RECORDS PROVIDED:
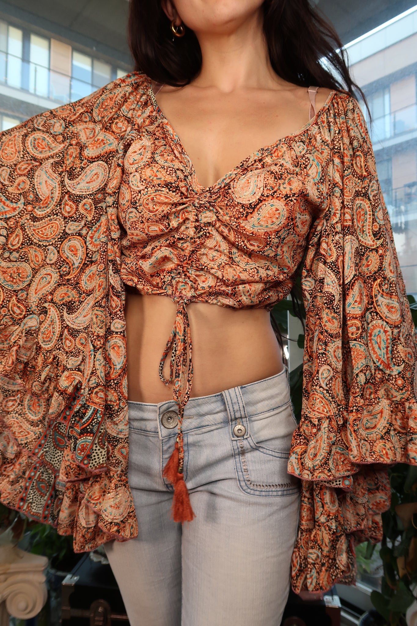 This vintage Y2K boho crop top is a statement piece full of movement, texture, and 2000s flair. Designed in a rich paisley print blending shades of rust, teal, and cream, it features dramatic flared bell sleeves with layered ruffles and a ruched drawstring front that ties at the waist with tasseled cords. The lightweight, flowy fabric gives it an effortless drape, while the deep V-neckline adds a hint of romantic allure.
--
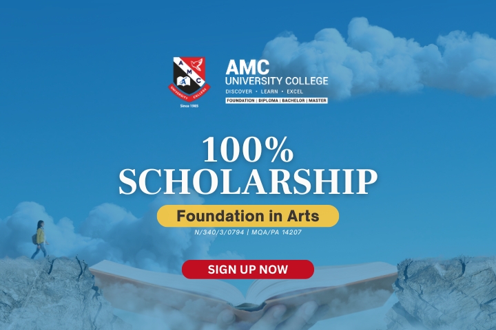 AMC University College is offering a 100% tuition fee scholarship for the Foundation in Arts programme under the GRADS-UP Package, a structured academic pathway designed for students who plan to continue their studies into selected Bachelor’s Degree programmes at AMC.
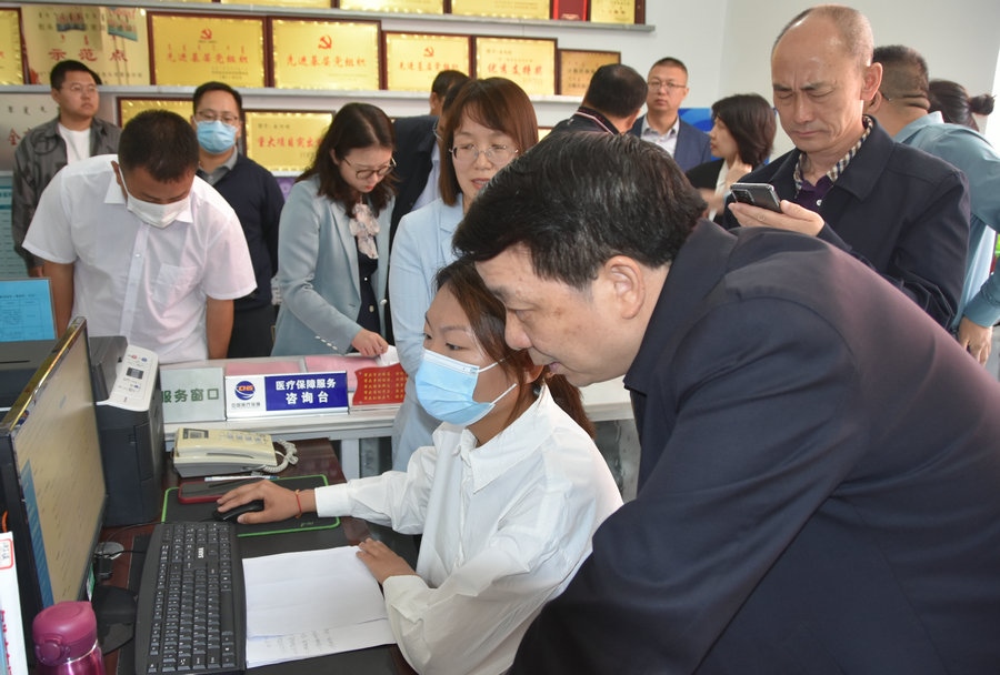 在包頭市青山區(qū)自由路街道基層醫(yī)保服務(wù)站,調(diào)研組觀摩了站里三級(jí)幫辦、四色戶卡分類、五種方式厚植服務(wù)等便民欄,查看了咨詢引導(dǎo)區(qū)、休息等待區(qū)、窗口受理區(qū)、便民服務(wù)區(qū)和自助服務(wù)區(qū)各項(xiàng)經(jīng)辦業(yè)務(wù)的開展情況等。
--
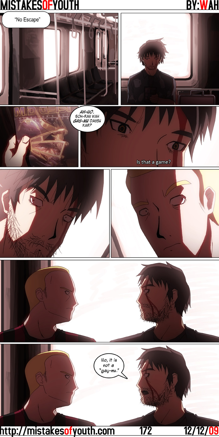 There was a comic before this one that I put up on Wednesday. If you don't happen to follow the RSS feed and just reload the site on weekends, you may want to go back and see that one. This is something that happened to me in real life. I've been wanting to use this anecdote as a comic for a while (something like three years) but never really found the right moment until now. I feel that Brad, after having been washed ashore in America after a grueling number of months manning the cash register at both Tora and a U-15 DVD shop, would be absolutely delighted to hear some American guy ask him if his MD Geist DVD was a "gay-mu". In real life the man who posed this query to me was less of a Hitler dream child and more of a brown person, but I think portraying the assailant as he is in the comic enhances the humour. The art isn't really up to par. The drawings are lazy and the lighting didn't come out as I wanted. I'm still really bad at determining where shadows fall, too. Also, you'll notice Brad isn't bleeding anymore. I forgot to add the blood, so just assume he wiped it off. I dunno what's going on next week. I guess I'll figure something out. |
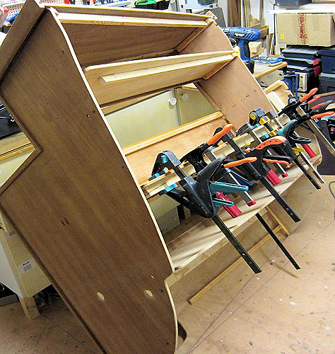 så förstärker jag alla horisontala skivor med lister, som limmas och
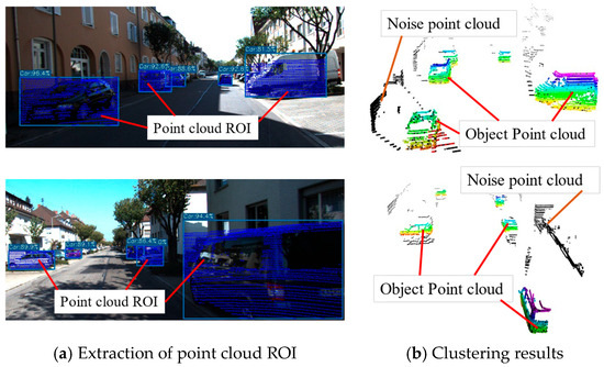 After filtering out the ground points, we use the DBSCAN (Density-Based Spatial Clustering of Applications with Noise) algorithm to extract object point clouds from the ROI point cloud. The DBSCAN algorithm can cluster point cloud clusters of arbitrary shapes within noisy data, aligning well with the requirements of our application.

WORK TASK:
Please set down, exactly and with no pictures, the lines in the entries above starting at the one holding "AMC University College" and ending at the one holding "在包頭市青山區(qū)自由路", ends included.

OUTPUT FOR THIS EXERCISE:
 AMC University College is offering a 100% tuition fee scholarship for the Foundation in Arts programme under the GRADS-UP Package, a structured academic pathway designed for students who plan to continue their studies into selected Bachelor’s Degree programmes at AMC.
 在包頭市青山區(qū)自由路街道基層醫(yī)保服務(wù)站,調(diào)研組觀摩了站里三級(jí)幫辦、四色戶卡分類、五種方式厚植服務(wù)等便民欄,查看了咨詢引導(dǎo)區(qū)、休息等待區(qū)、窗口受理區(qū)、便民服務(wù)區(qū)和自助服務(wù)區(qū)各項(xiàng)經(jīng)辦業(yè)務(wù)的開展情況等。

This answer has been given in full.